Gap in Dates

  • This is the Query I started out with. It ran overnight and then I ran out of space.

    -- as_offer_dates has a column with all the days of the year from 2005 to 2020. This was used to check for the missing days in "as_all_division_coupons_sample

    Code:

    Select 'Redemption' As Redemption, ar3.*, 'Offers->' As Offers, ao.*

    Into dbo.as_Redemption_Offers_DayGap_Sample

    FROM dbo.as_offer_dates as ao

    Inner Join dbo.as_all_division_coupons_sample AS ar1

    ON ao.[date] - 1 = ar1.SCAN_DATE_CONVERT AND

    ao.DivNum = ar1.Kma_div_nbr AND

    ao.cpnnum = ar1.coupon_nbr

    Inner Join dbo.as_all_division_coupons_sample AS ar2

    ON ao.[date] + 1 = ar2.SCAN_DATE_CONVERT AND

    ao.DivNum = ar2.Kma_div_nbr AND

    ao.cpnnum = ar2.coupon_nbr

    Left Join dbo.as_all_division_coupons_sample As ar3

    ON ao.[date] = ar3.SCAN_DATE_CONVERT AND

    ao.DivNum = ar3.Kma_div_nbr AND

    ao.cpnnum = ar3.coupon_nbr

    WHERE ar3.STORE IS NULL

    This code above ran overnight and I had to modify my code to what I have below, which runs in 4 hours. I broke down my main table, by using the store column to filter by that and looping to find the missing days by store and then appending them to the results table.

    Declare @StoreNum int

    Declare @StoreCnt int

    Declare @Recid int

    Declare @RecCount int

    Set @Recid = (Select MAX(RECNO) as recno from dbo.as_AllStores )
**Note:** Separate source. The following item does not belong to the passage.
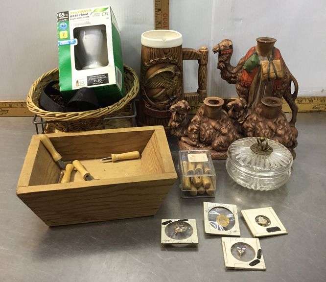 LOT 296 - Camel Candle Holders, Mug, Powder Box, Pins, Snack Forks, Lightbulb and More
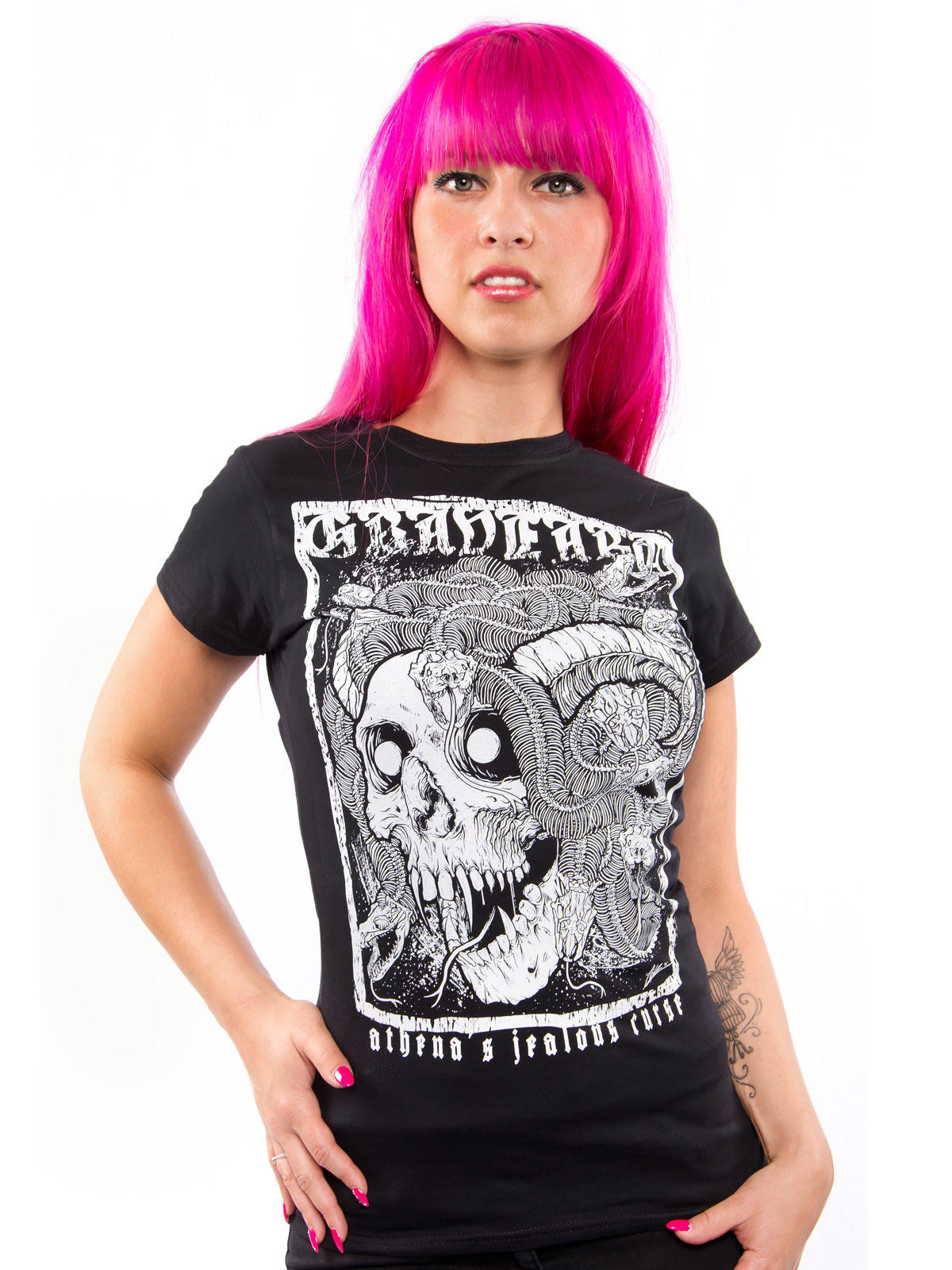 Този черен топ с черепи за жени е идеален за бунтарска и мистериозна визия. Украсен с голям бял мотив на череп, включващ рога и змии, той добавя рок и тъмен щрих към вашето облекло. Черно-белият контраст е привличащ вниманието и перфектно подчертава вашия стил. Удобен и лесен за съчетаване с тъмни панталони или къса пола, този топ бързо ще се превърне в ключова дреха от вашия гардероб. Перфектен за Хелоуин парти!

    -- Get the Store number to use for subquery below.

    Set @StoreNum = (Select Store From dbo.as_AllStores Where RECNO = @Recid)

    IF OBJECT_ID(N'dbo.as_Redemption_Offers_DayGap', N'U') IS NOT NULL

    DROP TABLE as_Redemption_Offers_DayGap ;

    IF OBJECT_ID(N'tempdb..dbo.##as_OneStore', N'U') IS NOT NULL

    DROP TABLE dbo.##as_OneStore ;

    --Select *

    --Into dbo.##as_OneStore

    --From dbo.as_all_division_coupons_count

    --Where Store = @StoreNum

    Select 'Redemption' As Redemption, ar3.*, 'Offers->' As Offers, ao.*

    Into dbo.as_Redemption_Offers_DayGap

    FROM dbo.as_offer_dates as ao

    Inner Join (Select *

    From dbo.as_all_division_coupons_count2

    Where Store = @StoreNum) AS ar1

    --Inner Join dbo.##as_OneStore as ar1

    ON ao.[date] - 1 = ar1.SCAN_DATE_CONVERT AND

    ao.DivNum = ar1.Kma_div_nbr AND

    ao.cpnnum = ar1.coupon_nbr

    Inner Join (Select *

    From dbo.as_all_division_coupons_count2

    Where Store = @StoreNum) AS ar2

    --Inner Join dbo.##as_OneStore as ar2

    ON ao.[date] + 1 = ar2.SCAN_DATE_CONVERT AND

    ao.DivNum = ar2.Kma_div_nbr AND

    ao.cpnnum = ar2.coupon_nbr

    Left Join (Select *

    From dbo.as_all_division_coupons_count2

    Where Store = @StoreNum) As ar3

    --Left Join dbo.##as_OneStore as ar3

    ON ao.[date] = ar3.SCAN_DATE_CONVERT AND

    ao.DivNum = ar3.Kma_div_nbr AND

    ao.cpnnum = ar3.coupon_nbr

    WHERE ar3.STORE IS NULL

    Set @Recid = @Recid - 1

    --Drop Table dbo.##as_OneStore

    While @Recid > 0

    begin

    -- Get the next store number to query in the Join below.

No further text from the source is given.